DIRECTIONS: Reproduce all the data exactly, without pictures.

ENTRIES SUPPLIED:
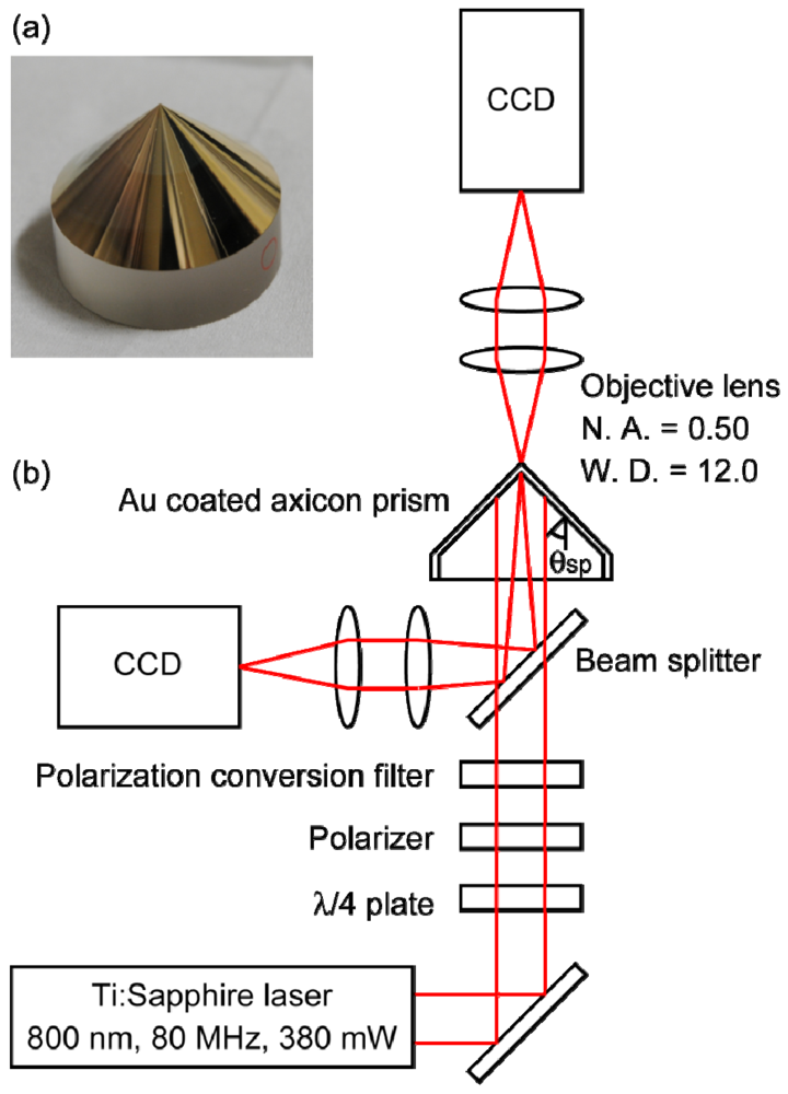 Figure 1(b) shows the optical setup for demonstrating plasmonic nanofocusing with a metal (gold)-coated axicon prism. Laser excitation was provided by a mode-locked Ti:Sapphire pulsed laser (Spectra-Physics, Tsunami 3960; wavelength = 800 nm; pulse width = 80 fs; repetition rate = 80 MHz). The Gaussian collimated beam was focused on the gold-coated axicon prism for the excitation of surface plasmons at the side surface of the prism with the Kretschmann configuration. Radial polarization, azimuthal polarization, and linear polarization were obtained by employing a quarter-wave plate, linear polarizer, and polarization conversion filter (Photonic Lattice, Inc., SWP-800), respectively. The reflection and scattering images in each polarization incidence were captured by a charge-coupled device (CCD) camera. An objective lens (Mitutoyo, M Plan Apo NIR 100×, N.A. = 0.50) with a long working distance of 12.0 mm was employed to observe the scattering light from the prism apex.
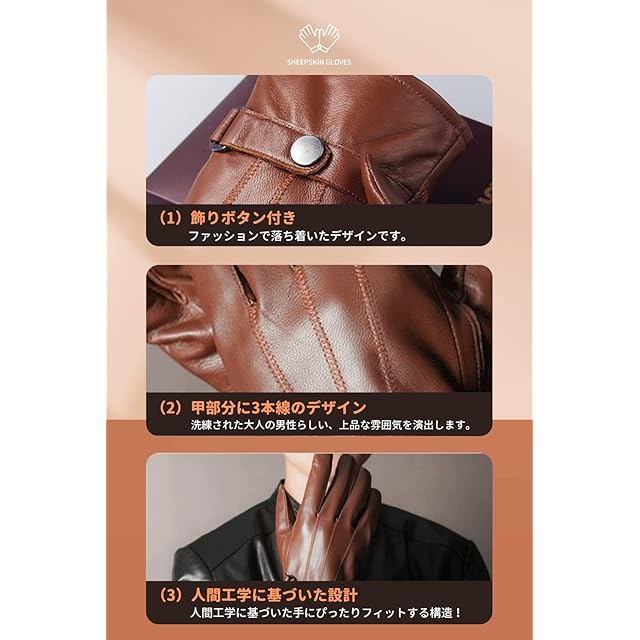 【こだわりデザイン】飾りボタン付き、ファッションで落ち着いたデザインです。甲部分に3本線のデザイン 洗練された大人の男性らしい、上品な雰囲気を演出します。また、人間工学に基づいた手にぴったりフィットする構造!
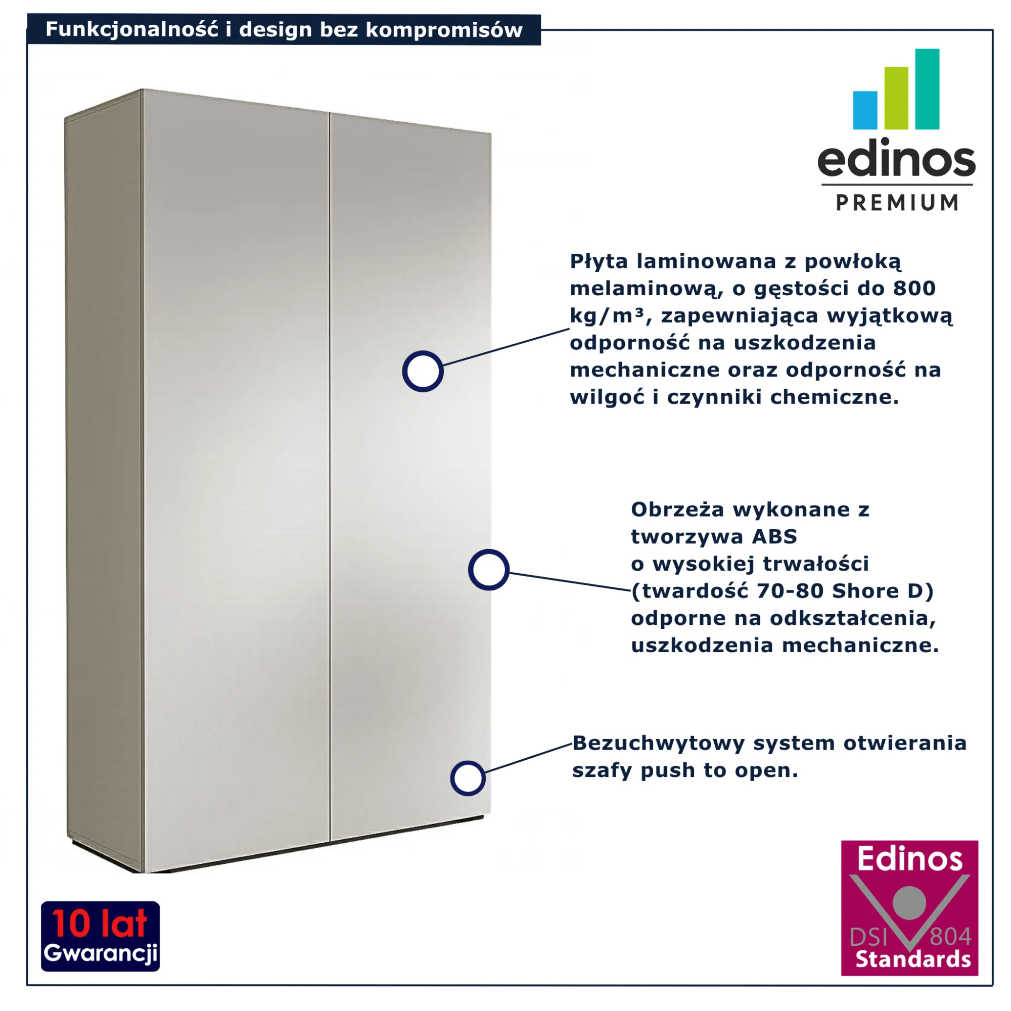 • Produkt posiada certyfikat jakości "Edinos Standards DSI 804", który potwierdza najwyższą jakość wykonania mebla oraz pełny stopień zgodności poszczególnych jednostek wytworzonego wyrobu z przyjętym wzorcem.
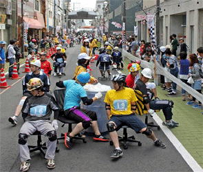 日本事務いすレース協会が主催していて、どんな過酷な状況下においても決してあきらめない大人の背中を子供たちに見せる事を通じ、青少年の健全育成と地域活性化を目的とする、内容と相反して趣旨は大真面目な大会なのです。
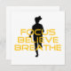 A silhouette female runner with yellow modern style text that reads Focus Believe Breathe on sports and athletic gear including bags, T-shirts, tank tops, mugs, cards, stickers, and more, great for anyone who is a distance runner, runs marathons, just loves running in general. A great motivational and inspirational running design.
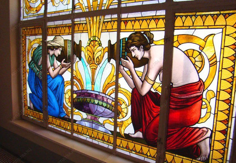 - Античный. Картины напоминают античную мозаику с древнегреческими сюжетами. Характерно присутствие множества мелких деталей. Подходят для помещений в минималистическом стиле.![]() Витраж в античном стиле зачастую является законченным произведением
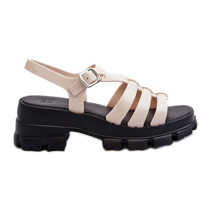 Grâce à la coupe sportive et à l'odeur unique du caoutchouc de ballon, qui s'accompagne de porter ces sandales, chaque instant passé en eux sera un plaisir. La semelle de 6 cm de haute offre un réconfort lors d'une utilisation prolongée, et la couleur noire des seuls contrastes bien avec le matériau beige léger.
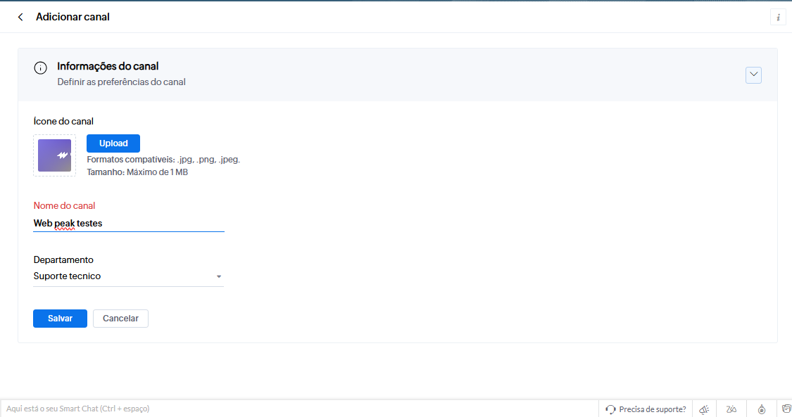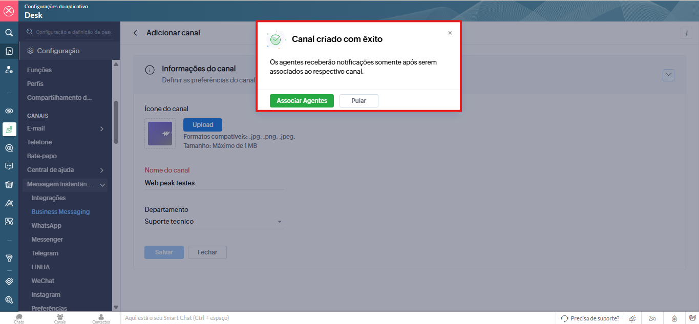 Informação: O número de canais criados não pode exceder o número de departamentos ativos na sua conta.
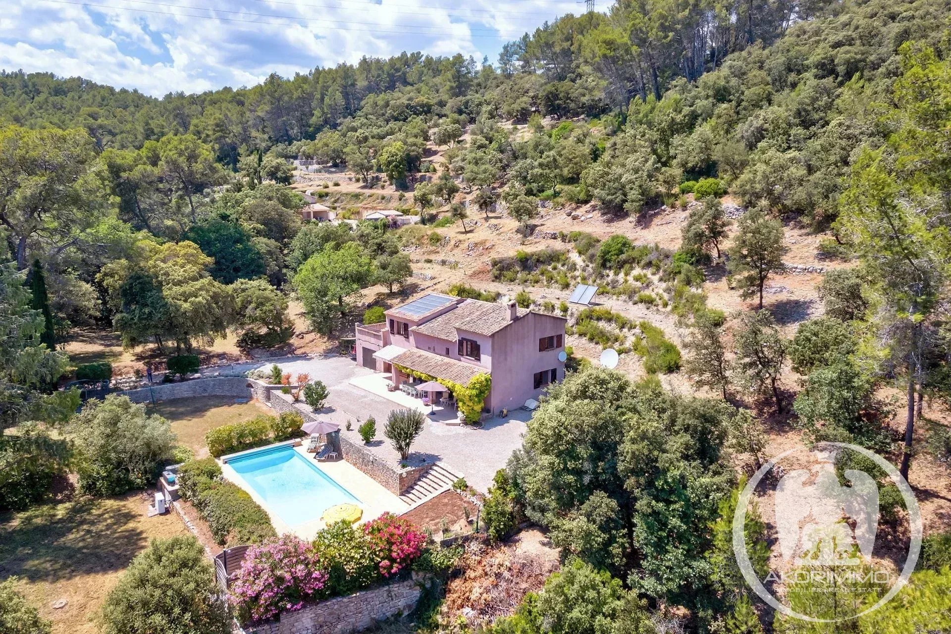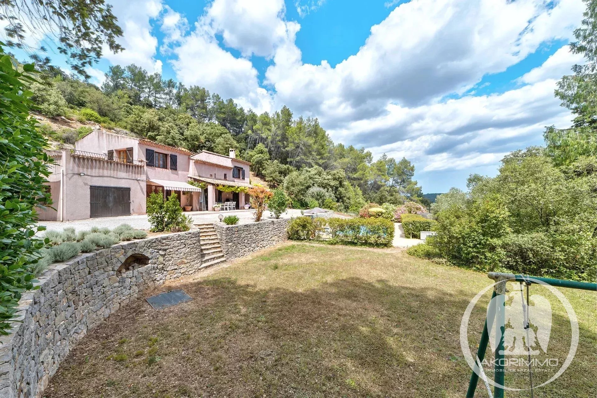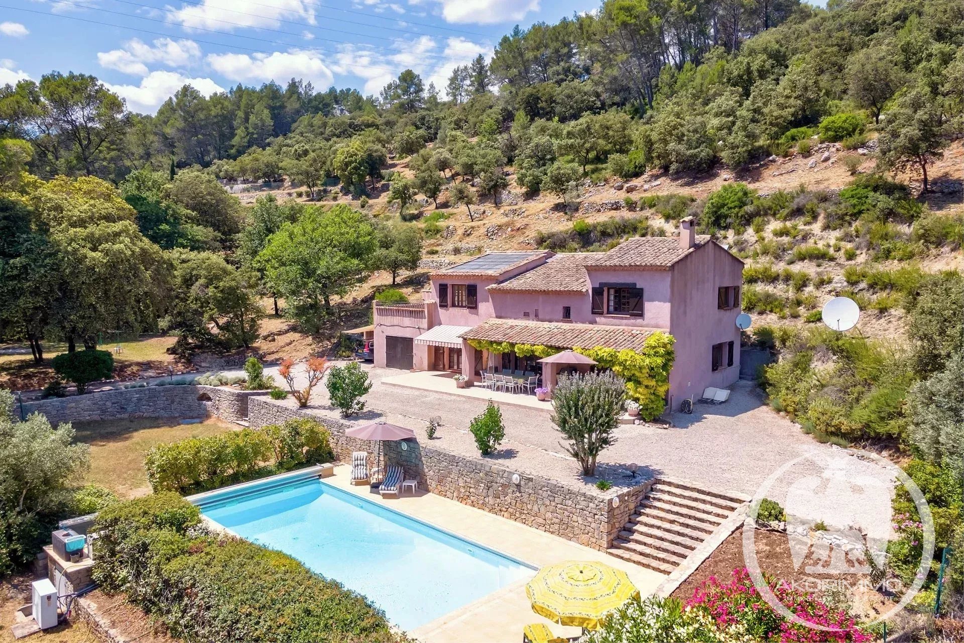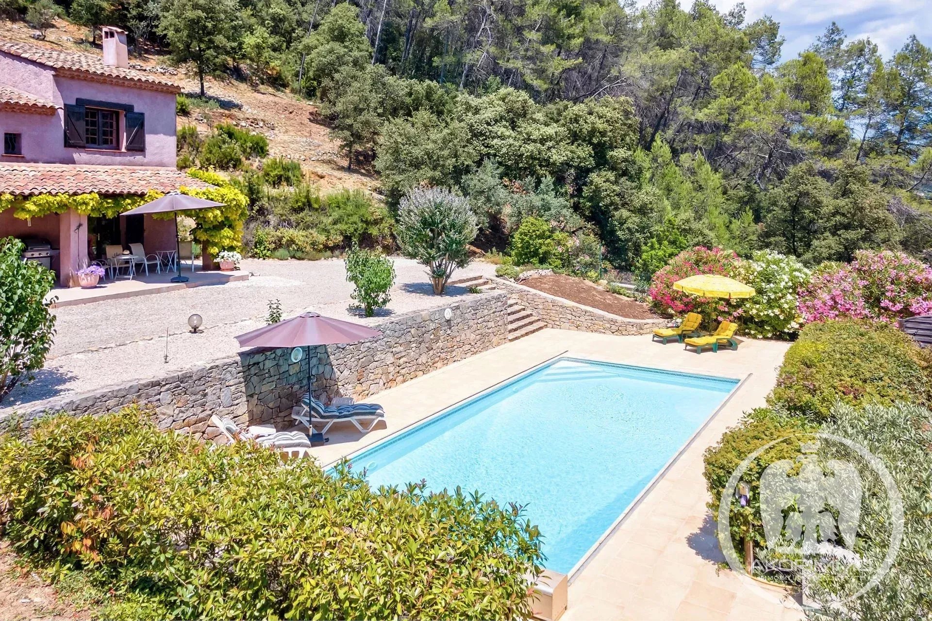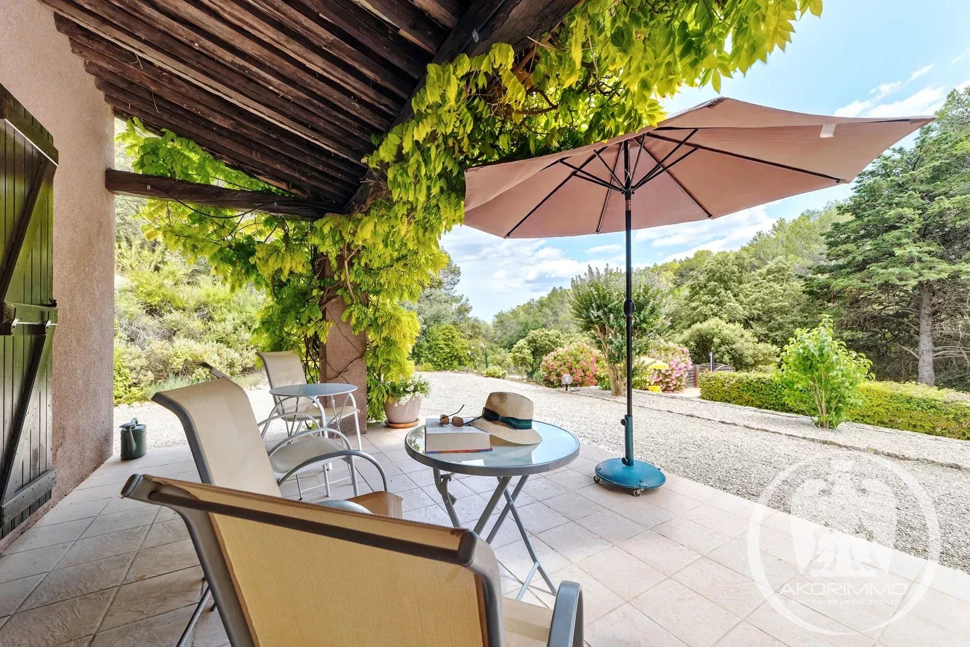 La villa cuenta con 184 m² habitables, incluyendo un cálido salón/comedor con chimenea, una cocina bien equipada y una terraza cubierta con vistas a la piscina y al jardín paisajístico.
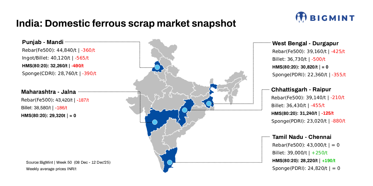 BigMint’s domestic end-cutting scrap index, tracking the Mandi Gobindgarh market, declined by INR 200/tonne (t) d-o-d to INR 35,100/t DAP on 12 December 2025.However, the index decreased by INR 400/t w-o-w as steel prices continued to edge down.

RESPONSE FOR THIS EXERCISE:
 Figure 1(b) shows the optical setup for demonstrating plasmonic nanofocusing with a metal (gold)-coated axicon prism. Laser excitation was provided by a mode-locked Ti:Sapphire pulsed laser (Spectra-Physics, Tsunami 3960; wavelength = 800 nm; pulse width = 80 fs; repetition rate = 80 MHz). The Gaussian collimated beam was focused on the gold-coated axicon prism for the excitation of surface plasmons at the side surface of the prism with the Kretschmann configuration. Radial polarization, azimuthal polarization, and linear polarization were obtained by employing a quarter-wave plate, linear polarizer, and polarization conversion filter (Photonic Lattice, Inc., SWP-800), respectively. The reflection and scattering images in each polarization incidence were captured by a charge-coupled device (CCD) camera. An objective lens (Mitutoyo, M Plan Apo NIR 100×, N.A. = 0.50) with a long working distance of 12.0 mm was employed to observe the scattering light from the prism apex.
 【こだわりデザイン】飾りボタン付き、ファッションで落ち着いたデザインです。甲部分に3本線のデザイン 洗練された大人の男性らしい、上品な雰囲気を演出します。また、人間工学に基づいた手にぴったりフィットする構造!
 • Produkt posiada certyfikat jakości "Edinos Standards DSI 804", który potwierdza najwyższą jakość wykonania mebla oraz pełny stopień zgodności poszczególnych jednostek wytworzonego wyrobu z przyjętym wzorcem.
 日本事務いすレース協会が主催していて、どんな過酷な状況下においても決してあきらめない大人の背中を子供たちに見せる事を通じ、青少年の健全育成と地域活性化を目的とする、内容と相反して趣旨は大真面目な大会なのです。
 A silhouette female runner with yellow modern style text that reads Focus Believe Breathe on sports and athletic gear including bags, T-shirts, tank tops, mugs, cards, stickers, and more, great for anyone who is a distance runner, runs marathons, just loves running in general. A great motivational and inspirational running design.
 - Античный. Картины напоминают античную мозаику с древнегреческими сюжетами. Характерно присутствие множества мелких деталей. Подходят для помещений в минималистическом стиле.![]() Витраж в античном стиле зачастую является законченным произведением
 Grâce à la coupe sportive et à l'odeur unique du caoutchouc de ballon, qui s'accompagne de porter ces sandales, chaque instant passé en eux sera un plaisir. La semelle de 6 cm de haute offre un réconfort lors d'une utilisation prolongée, et la couleur noire des seuls contrastes bien avec le matériau beige léger.
 Informação: O número de canais criados não pode exceder o número de departamentos ativos na sua conta.
 La villa cuenta con 184 m² habitables, incluyendo un cálido salón/comedor con chimenea, una cocina bien equipada y una terraza cubierta con vistas a la piscina y al jardín paisajístico.
 BigMint’s domestic end-cutting scrap index, tracking the Mandi Gobindgarh market, declined by INR 200/tonne (t) d-o-d to INR 35,100/t DAP on 12 December 2025.However, the index decreased by INR 400/t w-o-w as steel prices continued to edge down.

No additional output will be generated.